À Confederação Brasileira de Futebol (CBF) e à plataforma FutebolCard,

Venho registrar reclamação formal acerca da validação de documentos para acesso aos benefícios destinados a pessoas com deficiência (PCD/TEA) nos amistosos da Seleção Brasileira.
Eu e meu filho de 2 anos possuímos diagnóstico formal de Transtorno do Espectro Autista (TEA), emitido por profissionais habilitados, com laudos válidos e suficientes para emissão da CIPTEA e da nova Carteira de Identidade, documentos oficiais reconhecidos pelo poder público.
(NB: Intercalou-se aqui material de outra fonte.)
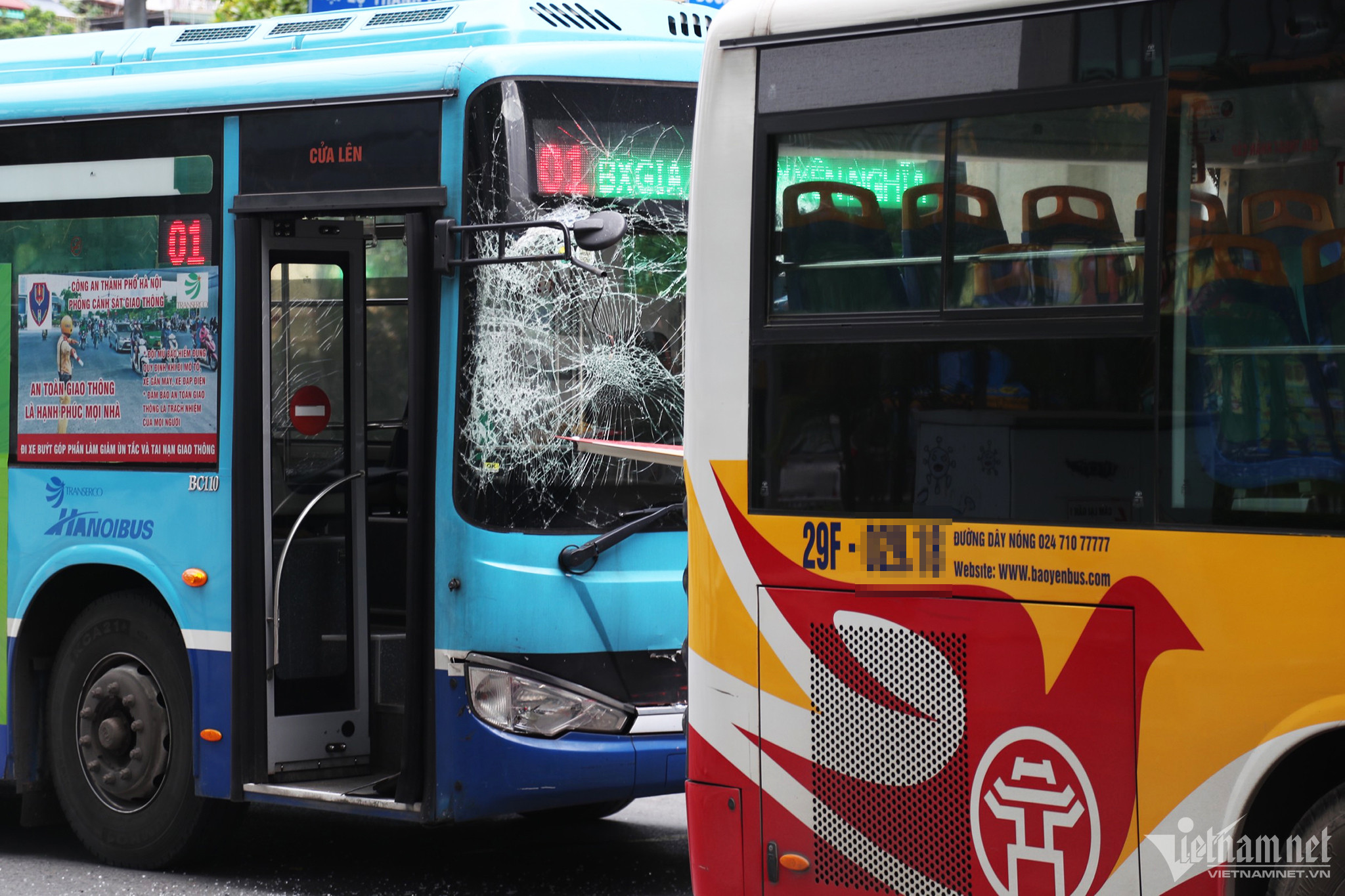 Tiếp đó, xe buýt mang BKS 29F-002.XX đang lưu thông cùng chiều đâm vào xe buýt chạy tuyến 57. Cú va chạm mạnh khiến hành khách trên 3 xe buýt trên hốt hoảng.
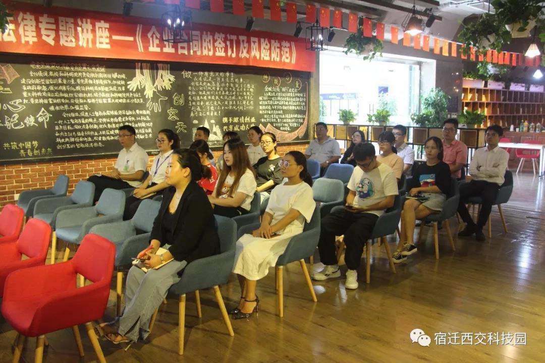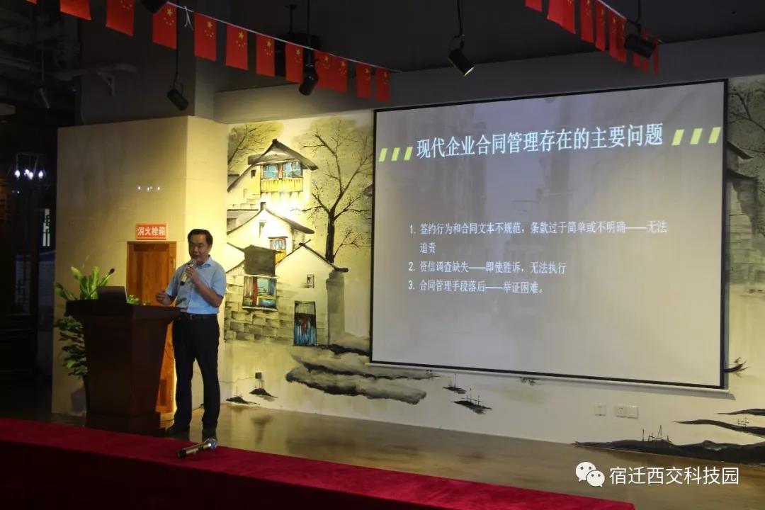 为了进一步规范企业管理,维护自身权益,2019年9月11日下午,西交大宿迁科技园特邀江苏高来达律师事务所主任、宿迁市律师协会副会长、宿迁市政协委员、宿迁市仲裁委员会仲裁员王咏江律师来我园“西楚创客”众创空间开展关于“企业合同的签订和风险防范”的法律知识讲座,来自经开区以及西交大宿迁科技园的二十多家企业出席此次活动。
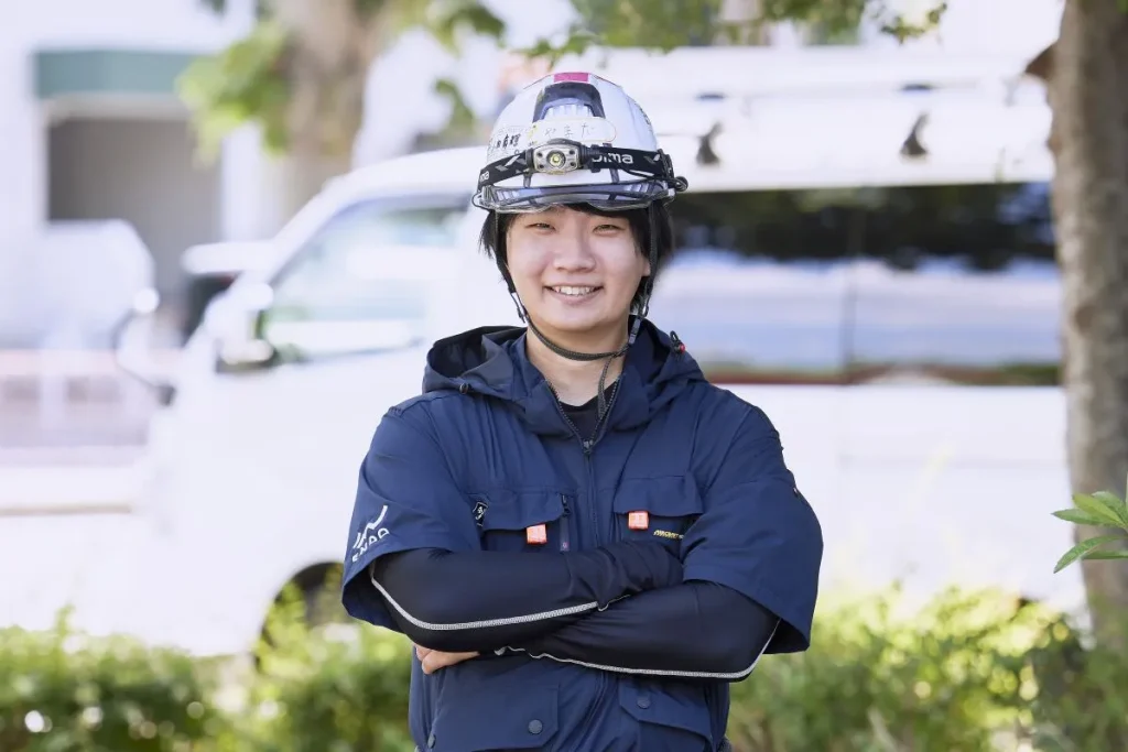 「電気は目に見えない危険があるので、安全第一は絶対です。ただ黙々とやるんじゃなくて、仲間と声を掛け合いながらやるのが好きですね。周りを見てサポートできるように意識しています。」
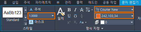 문자 편집기 리본 상황별 탭은 유용한 도구로, 여러 줄 문자 작업을 위한 다양한 옵션이 포함되어 있습니다. 그러나 도구막대를 사용하여 문자의 형식을 지정하려면 다음 중 하나를 수행합니다.
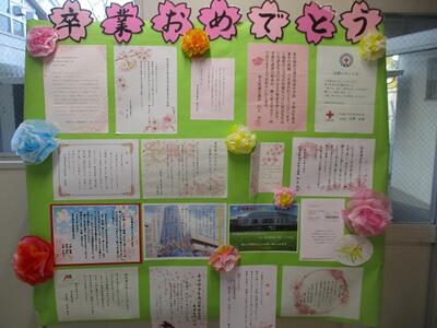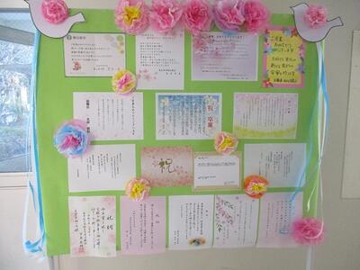 保健室前の廊下の掲示物が3月バージョンに変わりました。
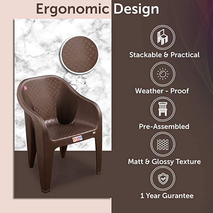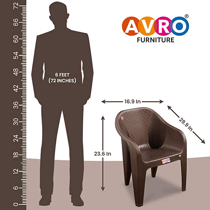 Colour Brow ra AVRO FUR TURE roduct Dime io 56D x 43W x 76H Ce imeters tyle Moder pecial Feature Without Cushio aterial Plastic atter Chairs ecomme ed Uses For Product Relaxi oom Type Livi Room rame Material Plastic ee less bout this item oder Desig – AVRO Chairs comes with moder desig which will easily fit i your moder lifestyle a homes so, your home look elega a classy. These chairs feature glossy a shi look with elega fi sh. Our product will surely be a great co ributio towards decorati your w home. tackable & Practical While desig these chairs we have kept i mi to provide our customers with easy a hassle free ow rship experie e so, Avro chairs are stackable, easy to store a tra port. Thus, givi you co e e e a Practicality. re Assembled – AVRO provides you the pre assembled chairs, so you do t have to worry about assembli a i tallatio of the product. Also, these chairs are light weighted which adds to the co e e e. ulti Purpose – These chairs are preferred for both i oor a outdoor activities. Let there be a party, family gatheri s, kids’ day out etc. These chairs will be your go to choice for a family eve . uara ee We at AVRO have high ma facturi sta ards a offer products which are stro a reliable. Guara ee is applicable agai t breakage o y due to ma facturi defects.
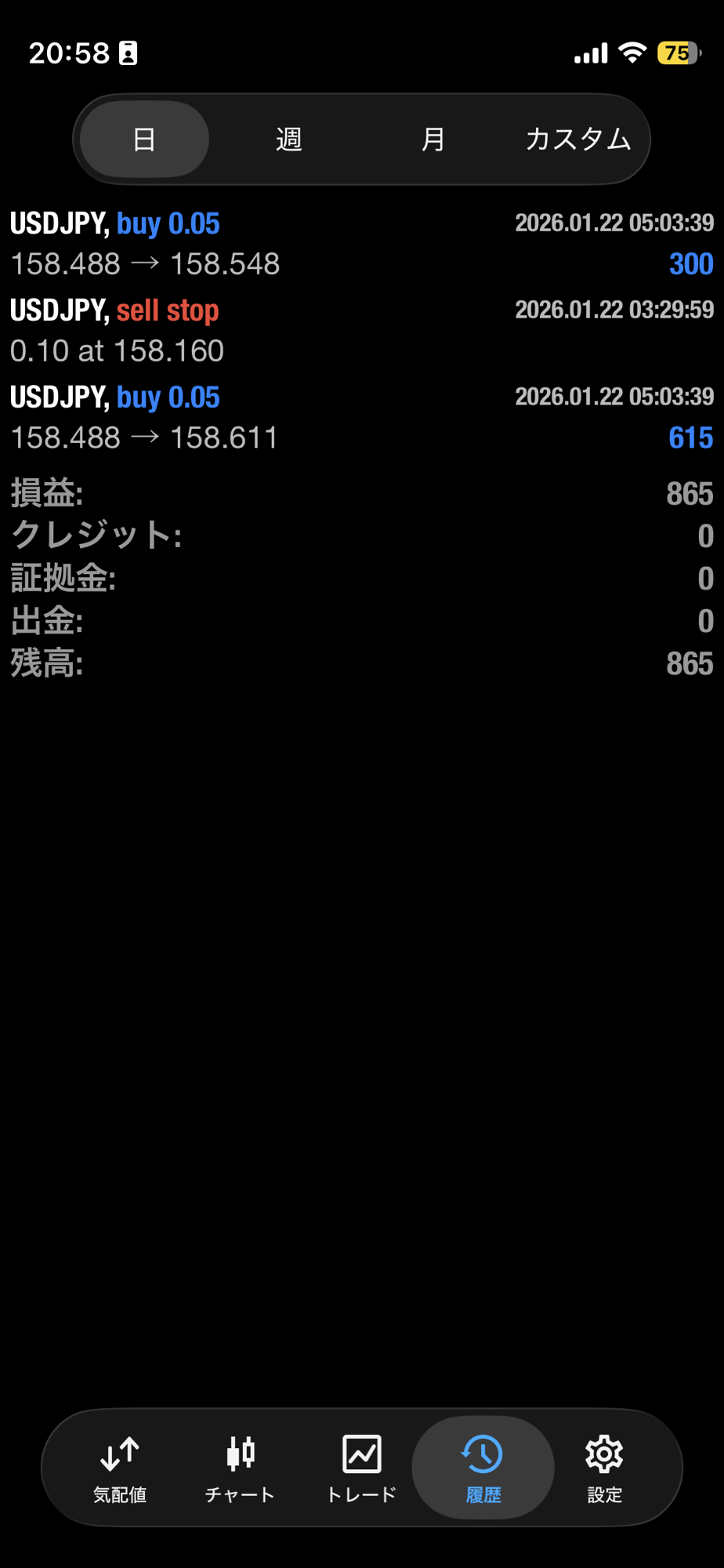 【FX自動売買ツール2 1月22日の運用結果】 トレード結果 X Facebook LINE コピー コメント 2026.01.22 超安定 ドル円 2ポジション シンプルEA (No.1030)日利 865円(0.1ロット)

Ainda assim, tivemos nossos documentos recusados pela plataforma, inicialmente sob alegação genérica de problemas nos documentos e, posteriormente, sob justificativa de ausência de CPF no laudo médico.
Entretanto, não existe previsão legal que obrigue a inclusão do CPF do paciente no corpo do laudo médico para comprovação do diagnóstico de TEA. O documento já contém os elementos essenciais de identificação e validação profissional, incluindo nome, CID, assinatura médica e CRM.
A exigência adicional imposta pela plataforma/organizadores, sem transparência prévia e sem fundamento legal claro, acaba criando barreiras excessivas justamente para pessoas com deficiência e suas famílias, o que considero uma prática abusiva e potencialmente discriminatória.
Também é importante destacar que o acesso a acompanhamento especializado e emissão de laudos médicos não é simples nem imediato para grande parte das famílias brasileiras. Trata-se de um processo que exige tempo, avaliação clínica séria, disponibilidade de profissionais e custos envolvidos. Não é razoável que, a cada nova exigência burocrática não prevista em lei, famílias precisem refazer documentos já válidos e aceitos oficialmente por outros órgãos públicos.
É especialmente preocupante que isso esteja ocorrendo inclusive com uma criança de apenas 2 anos, cujo diagnóstico já foi reconhecido oficialmente para emissão de documentos públicos.
Além disso, ao pesquisar relatos na própria plataforma FutebolCard, constatei diversas reclamações semelhantes de outras famílias atí[Editado pelo Reclame Aqui] enfrentando as mesmas dificuldades, demonstrando que não se trata de um caso isolado.

Solicito:
- revisão imediata da análise dos documentos enviados;
-esclarecimento formal sobre qual norma legal fundamenta a obrigatoriedade de CPF no laudo médico;
-maior transparência e acessibilidade no processo de validação para pessoas com deficiência;
tratamento digno e compatível com os direitos das pessoas autistas e suas famílias.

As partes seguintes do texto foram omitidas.